* **Work task**:
Strip out all images, then restate the data verbatim.

(Supplied data)

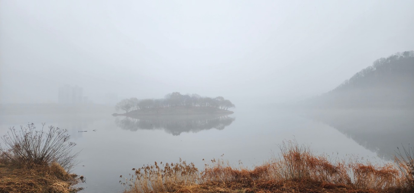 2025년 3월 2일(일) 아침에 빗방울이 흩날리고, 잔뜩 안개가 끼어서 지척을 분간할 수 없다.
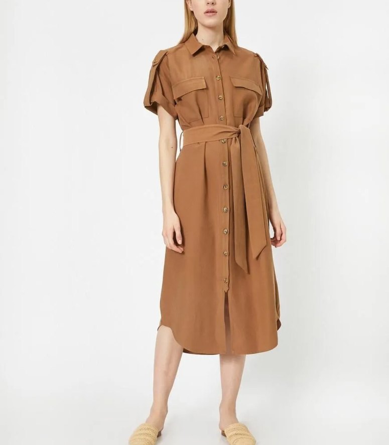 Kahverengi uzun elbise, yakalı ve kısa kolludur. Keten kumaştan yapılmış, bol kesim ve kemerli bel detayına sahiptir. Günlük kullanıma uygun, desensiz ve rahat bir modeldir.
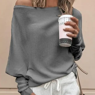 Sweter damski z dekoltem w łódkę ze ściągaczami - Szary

(End Supplied data)

* **Output of the exercise**:
 2025년 3월 2일(일) 아침에 빗방울이 흩날리고, 잔뜩 안개가 끼어서 지척을 분간할 수 없다.
 Kahverengi uzun elbise, yakalı ve kısa kolludur. Keten kumaştan yapılmış, bol kesim ve kemerli bel detayına sahiptir. Günlük kullanıma uygun, desensiz ve rahat bir modeldir.
 Sweter damski z dekoltem w łódkę ze ściągaczami - Szary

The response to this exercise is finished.